The whole listing, pictures aside, should be reproduced exactly.

○ ○ ○ ○ ○ ○ ○

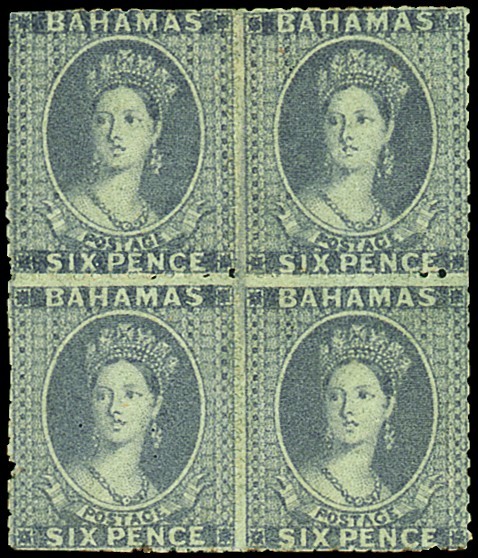 1862 no watermark, perf 13 6d. lavender-grey block of four, unused without gum; perfs. clipped or cut-off on all sides otherwise fine. A rare and remarkable multiple. S.G. 19, £13,000. Photo
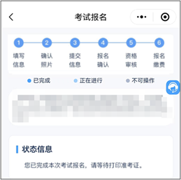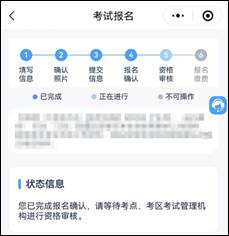 提交报名信息后,考生须按照当地考试管理机构的要求,在规定的时间内,携带报名表和相关材料到指定地点进行报名确认。经报名点或考点确认后,【报名确认】节点变为深蓝色,同时【资格审核】节点变为浅蓝色。
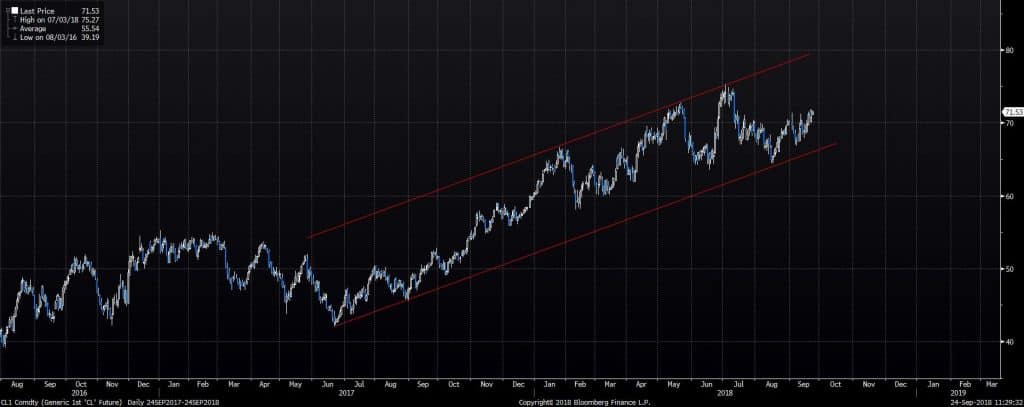 The story went like this: Saudi Arabia announced to the world back in April that they could increase their output to 12.5 million barrels a day to fill in Iran’s gap. The reality is different: Saudi Arabia is presently only producing 10 million barrels a day. To get to the 12.5 million barrels mark, they’ll need to do a lot more drilling, and sooner rather than later. Elsewhere in Russia, production has gone up by 250,000 barrels a day, but this won’t be enough to fill in the 2 million barrels a day gap which would be created when Trump’s sanctions on Iran becomes fully functional.
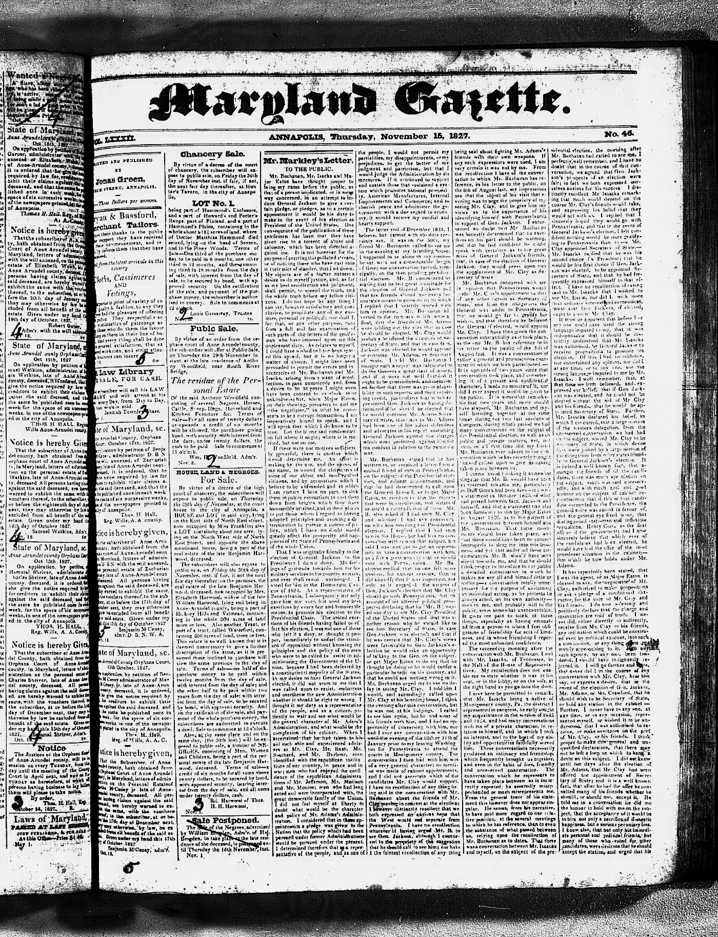 Maryland Gazette and Political Intelligencer and Maryland Gazette and State Register Collections, MSA SC 3403 and SC 3428 January 2, 1823 - December 25, 1828 M 1289 A Publication of the Archives of Maryland Online Image No: 1100
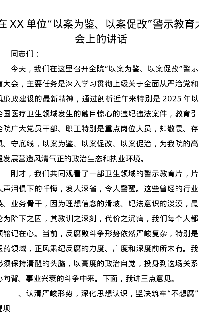 在2025年医院“以案为鉴、以案促改”警示教育大会上的讲话
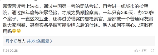 因为检察官引起争议后,有人搜出了检察官的姓名和电话。不清楚到底有多少人去电骂了她,但是她老公最后直接出来盖章这是受害者引导指使的对检察官的网暴
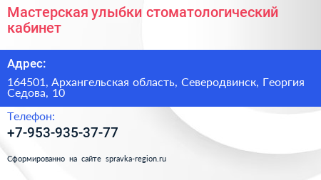 Мастерская улыбки, стоматологический кабинет по адресу 164501, Архангельская область, Северодвинск, Георгия Седова, 10 в дальнейшем Организация, размещена в следующих категориях:
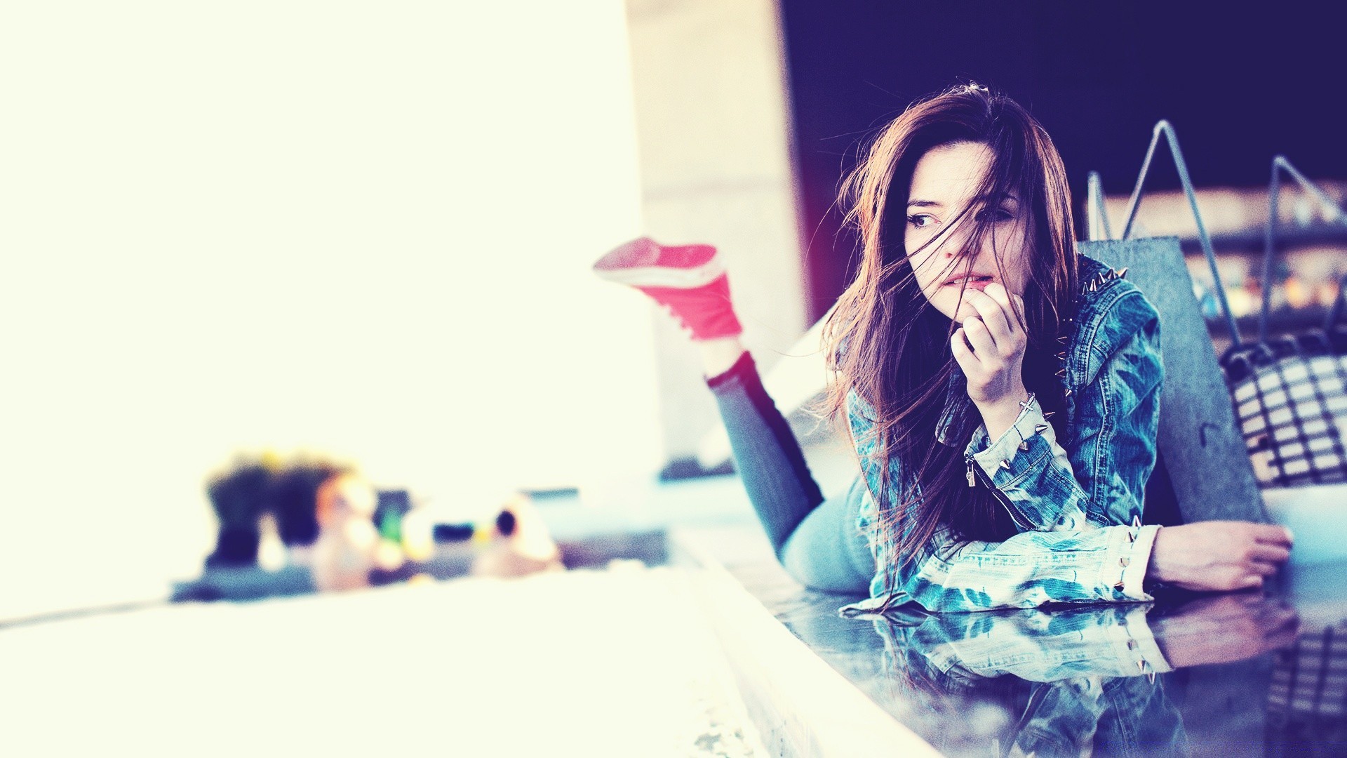 Dorosła dziewczyna w czerwonych trampkach
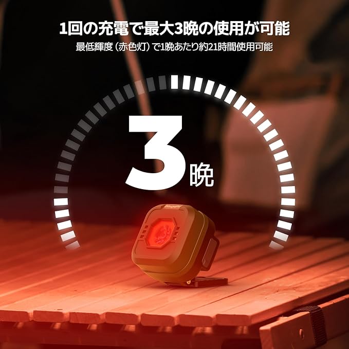 【驚異の長時間連続使用】 最長21時間の連続使用が可能。赤色光モードでは1晩あたり約7時間使用でき、最大3晩連続で使用可能。長時間のキャンプや停電時にも安心して活用できます。
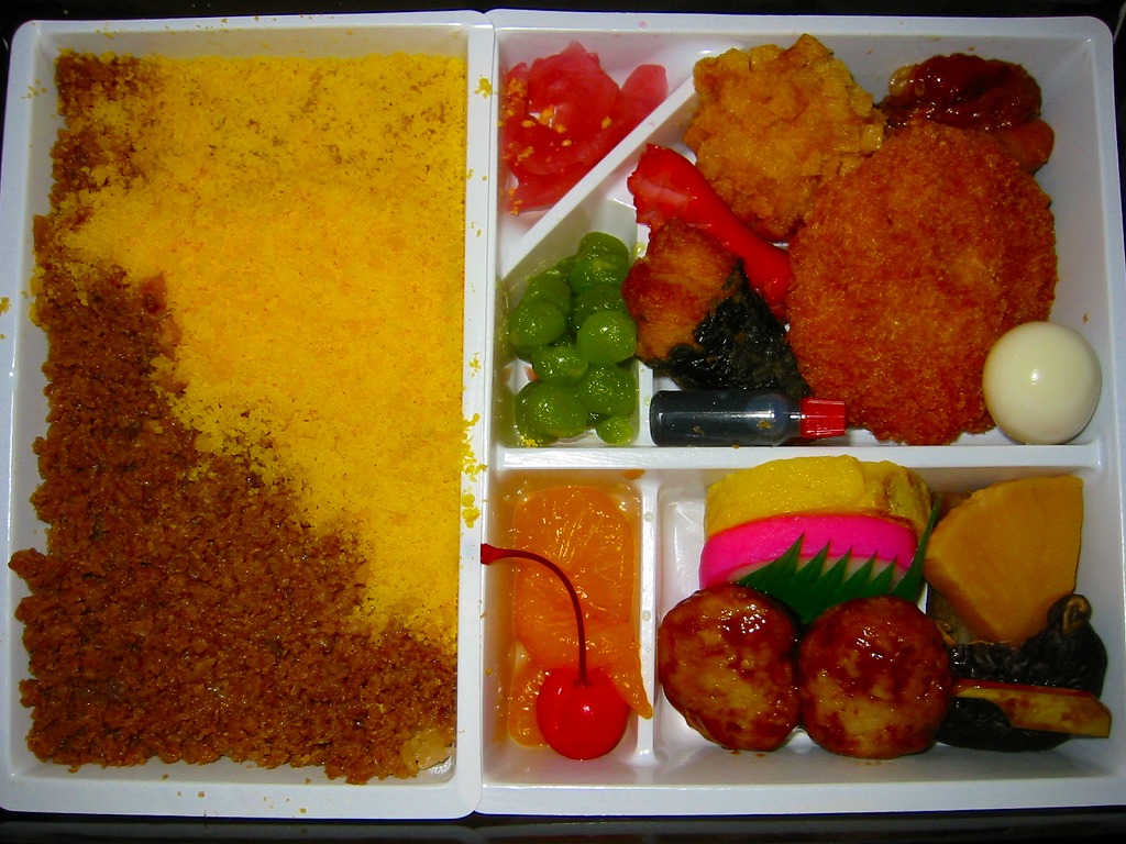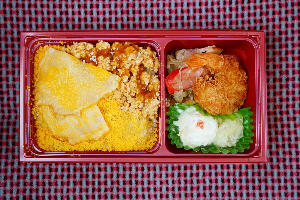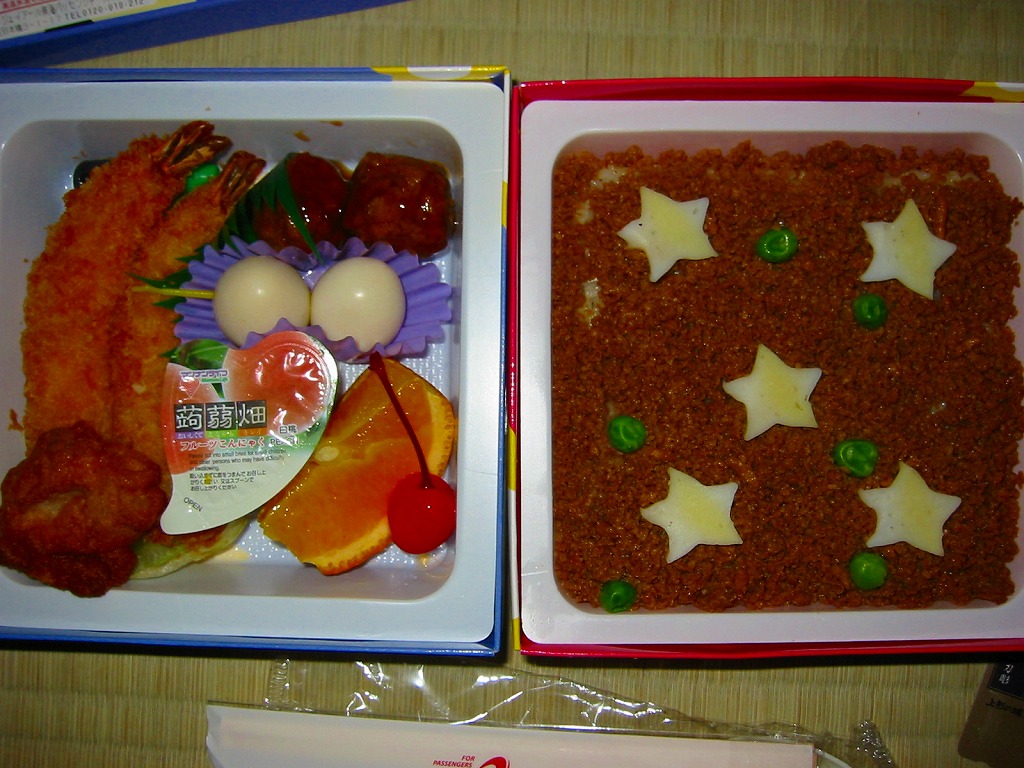 赤と青の正方形の紙箱を二段重ねにして紙のふたをかけて透明な帯で十字にしばる。中身は下段が星形蒲鉾とグリーンピースで星空を描いた鶏そぼろ御飯、上段がエビフライ、肉団子、うずら卵、鶏唐揚にデザートがこんにゃくゼリー・オレンジ・さくらんぼと三種も付いている。
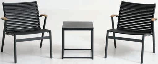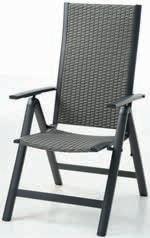 Tisch: Aluminium und künstliches Holz. B80 x L140 x H74 cm 150,Stuhl: Stahl und Textilene. Stapelbar. 25,-
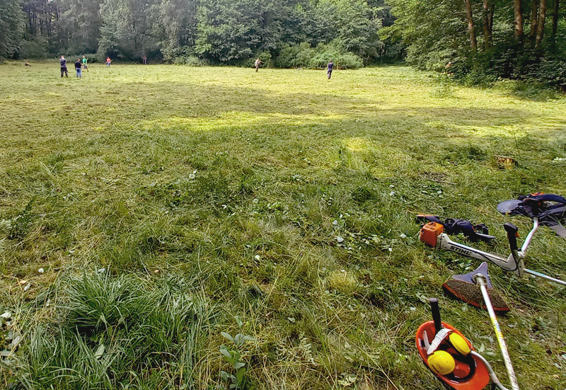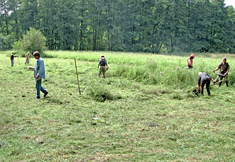 Abb. 8: Mahd einer nassen Wiese im Löcknitztal mittels Freischneider durch die IG Löcknitztal, (Foto: G. Ziebarth)

○ ○ ○ ○ ○ ○ ○

» **Output for this exercise**
 1862 no watermark, perf 13 6d. lavender-grey block of four, unused without gum; perfs. clipped or cut-off on all sides otherwise fine. A rare and remarkable multiple. S.G. 19, £13,000. Photo
 提交报名信息后,考生须按照当地考试管理机构的要求,在规定的时间内,携带报名表和相关材料到指定地点进行报名确认。经报名点或考点确认后,【报名确认】节点变为深蓝色,同时【资格审核】节点变为浅蓝色。
 The story went like this: Saudi Arabia announced to the world back in April that they could increase their output to 12.5 million barrels a day to fill in Iran’s gap. The reality is different: Saudi Arabia is presently only producing 10 million barrels a day. To get to the 12.5 million barrels mark, they’ll need to do a lot more drilling, and sooner rather than later. Elsewhere in Russia, production has gone up by 250,000 barrels a day, but this won’t be enough to fill in the 2 million barrels a day gap which would be created when Trump’s sanctions on Iran becomes fully functional.
 Maryland Gazette and Political Intelligencer and Maryland Gazette and State Register Collections, MSA SC 3403 and SC 3428 January 2, 1823 - December 25, 1828 M 1289 A Publication of the Archives of Maryland Online Image No: 1100
 在2025年医院“以案为鉴、以案促改”警示教育大会上的讲话
 因为检察官引起争议后,有人搜出了检察官的姓名和电话。不清楚到底有多少人去电骂了她,但是她老公最后直接出来盖章这是受害者引导指使的对检察官的网暴
 Мастерская улыбки, стоматологический кабинет по адресу 164501, Архангельская область, Северодвинск, Георгия Седова, 10 в дальнейшем Организация, размещена в следующих категориях:
 Dorosła dziewczyna w czerwonych trampkach
 【驚異の長時間連続使用】 最長21時間の連続使用が可能。赤色光モードでは1晩あたり約7時間使用でき、最大3晩連続で使用可能。長時間のキャンプや停電時にも安心して活用できます。
 赤と青の正方形の紙箱を二段重ねにして紙のふたをかけて透明な帯で十字にしばる。中身は下段が星形蒲鉾とグリーンピースで星空を描いた鶏そぼろ御飯、上段がエビフライ、肉団子、うずら卵、鶏唐揚にデザートがこんにゃくゼリー・オレンジ・さくらんぼと三種も付いている。
 Tisch: Aluminium und künstliches Holz. B80 x L140 x H74 cm 150,Stuhl: Stahl und Textilene. Stapelbar. 25,-
 Abb. 8: Mahd einer nassen Wiese im Löcknitztal mittels Freischneider durch die IG Löcknitztal, (Foto: G. Ziebarth)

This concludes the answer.